─── Data shown ───

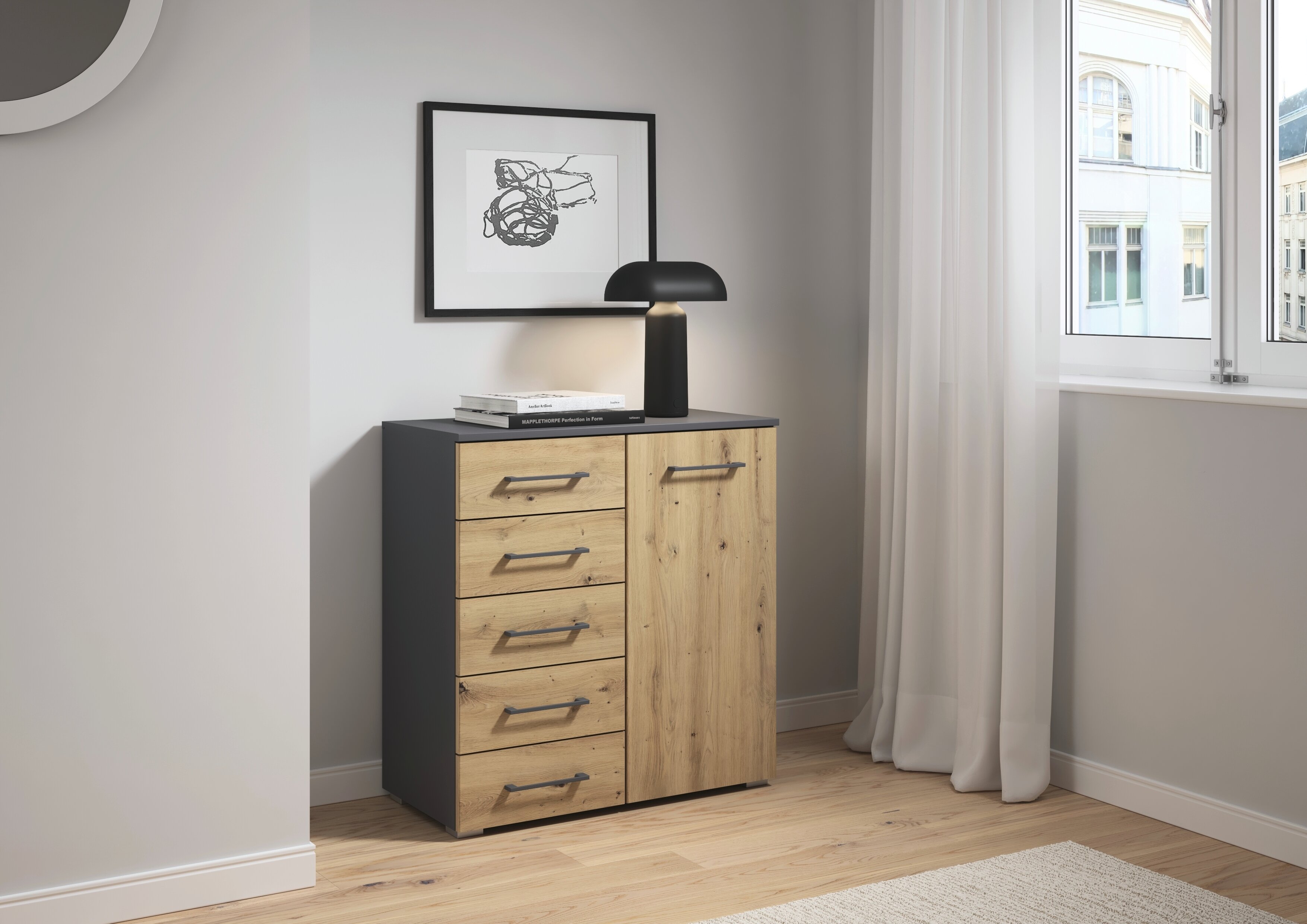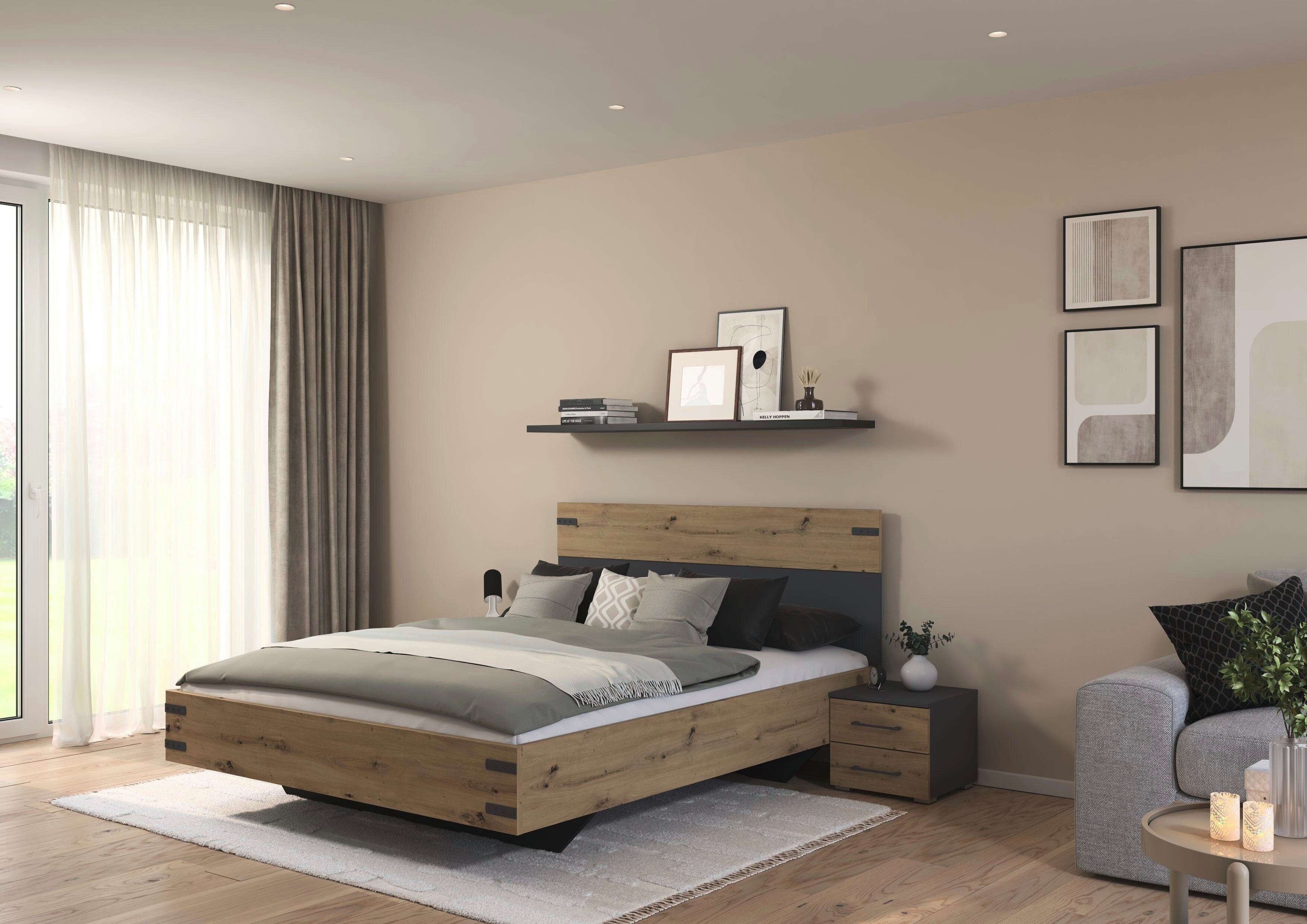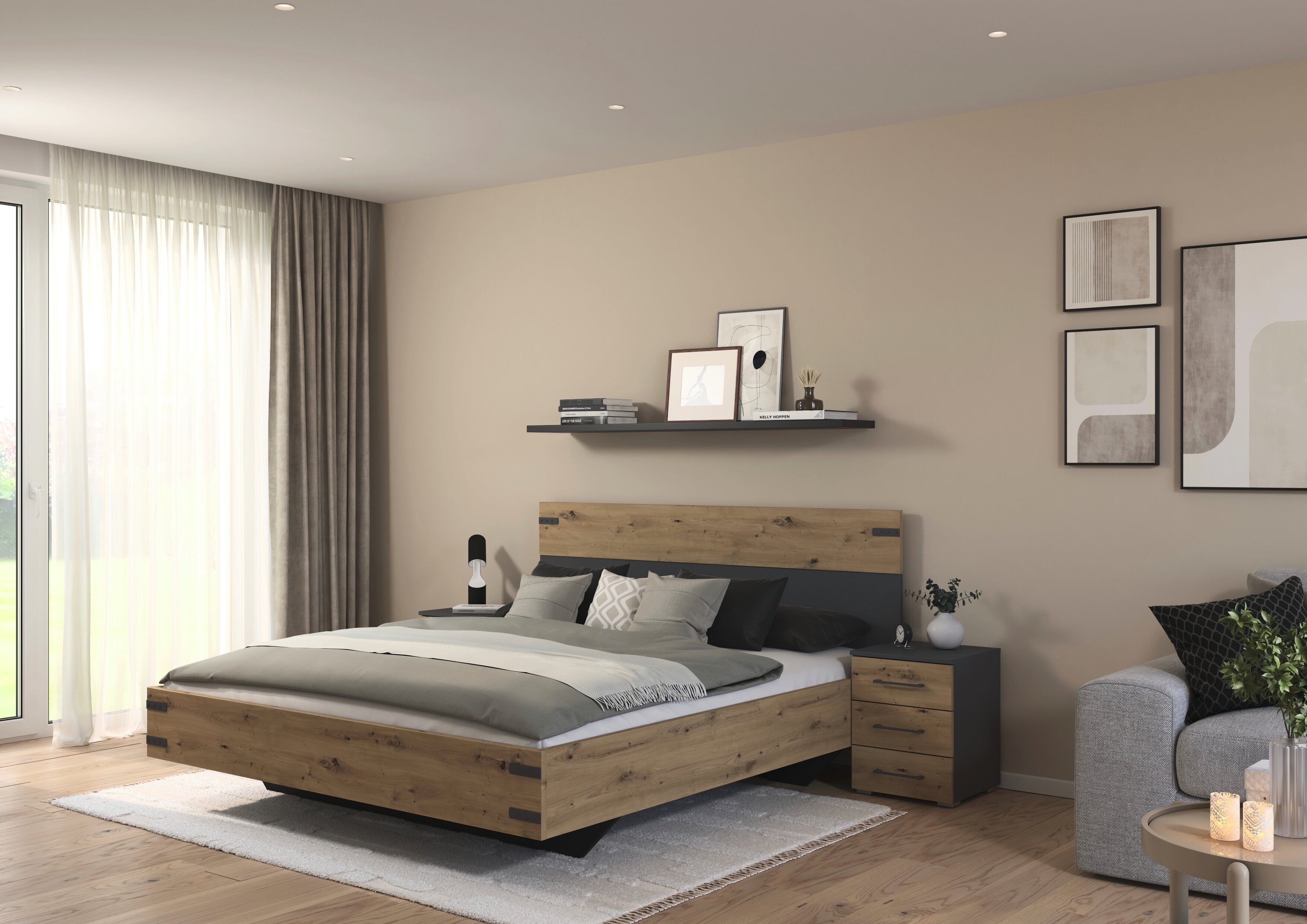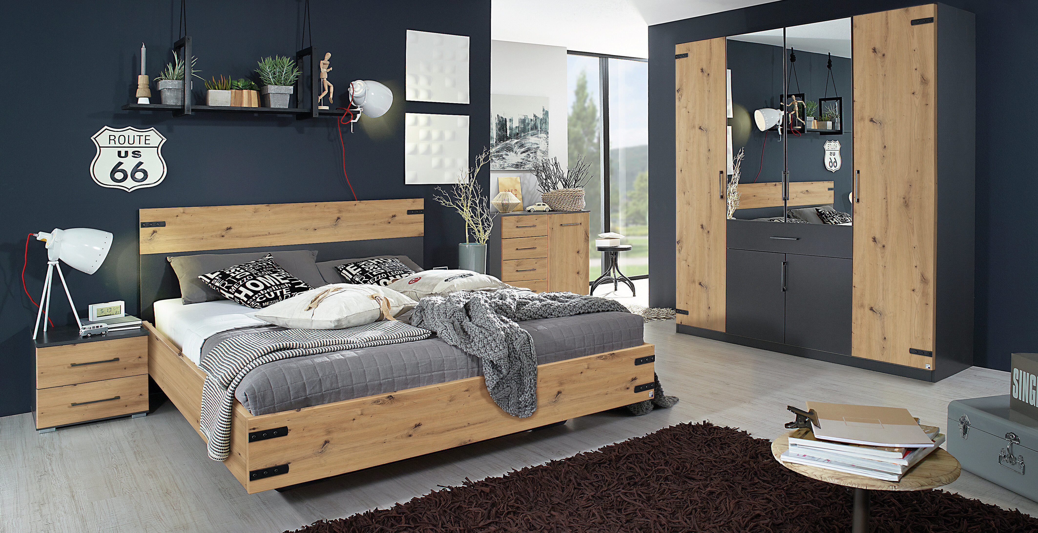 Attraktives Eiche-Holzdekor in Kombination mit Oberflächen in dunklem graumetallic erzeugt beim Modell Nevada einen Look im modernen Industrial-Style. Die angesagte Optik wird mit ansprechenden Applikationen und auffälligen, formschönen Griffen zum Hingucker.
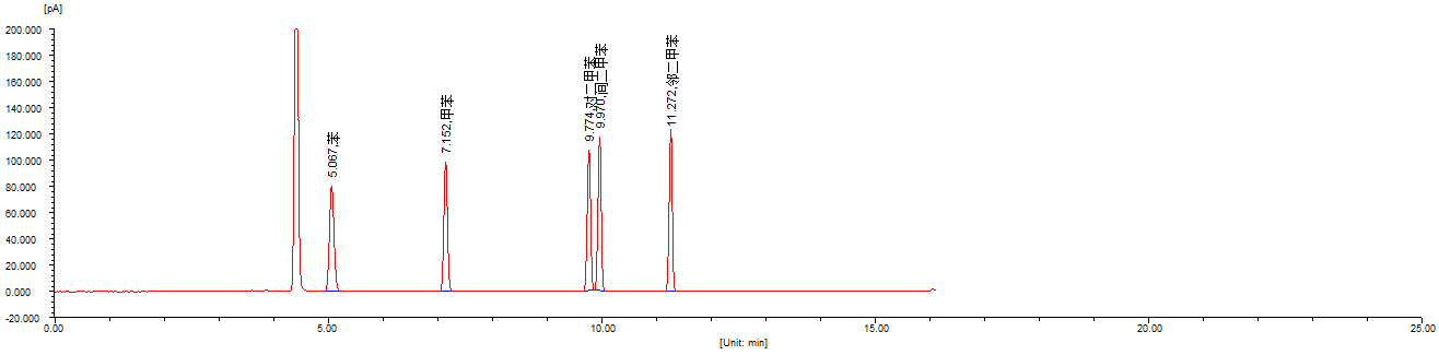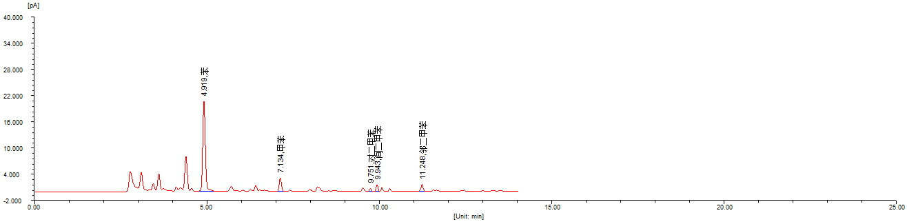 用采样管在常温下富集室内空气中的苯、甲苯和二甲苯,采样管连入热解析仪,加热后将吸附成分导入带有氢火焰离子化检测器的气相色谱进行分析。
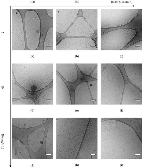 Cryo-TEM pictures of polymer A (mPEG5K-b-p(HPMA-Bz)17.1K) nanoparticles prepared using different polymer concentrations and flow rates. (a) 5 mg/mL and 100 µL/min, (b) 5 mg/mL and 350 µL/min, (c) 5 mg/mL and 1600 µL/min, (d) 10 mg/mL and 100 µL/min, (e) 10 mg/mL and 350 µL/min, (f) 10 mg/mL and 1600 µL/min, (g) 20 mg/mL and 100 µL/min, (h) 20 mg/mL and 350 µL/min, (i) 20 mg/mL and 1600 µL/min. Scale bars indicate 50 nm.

───

### Problem requirements
Could you return the entire listing above verbatim while dropping each picture?

### Response to the exercise
 Attraktives Eiche-Holzdekor in Kombination mit Oberflächen in dunklem graumetallic erzeugt beim Modell Nevada einen Look im modernen Industrial-Style. Die angesagte Optik wird mit ansprechenden Applikationen und auffälligen, formschönen Griffen zum Hingucker.
 用采样管在常温下富集室内空气中的苯、甲苯和二甲苯,采样管连入热解析仪,加热后将吸附成分导入带有氢火焰离子化检测器的气相色谱进行分析。
 Cryo-TEM pictures of polymer A (mPEG5K-b-p(HPMA-Bz)17.1K) nanoparticles prepared using different polymer concentrations and flow rates. (a) 5 mg/mL and 100 µL/min, (b) 5 mg/mL and 350 µL/min, (c) 5 mg/mL and 1600 µL/min, (d) 10 mg/mL and 100 µL/min, (e) 10 mg/mL and 350 µL/min, (f) 10 mg/mL and 1600 µL/min, (g) 20 mg/mL and 100 µL/min, (h) 20 mg/mL and 350 µL/min, (i) 20 mg/mL and 1600 µL/min. Scale bars indicate 50 nm.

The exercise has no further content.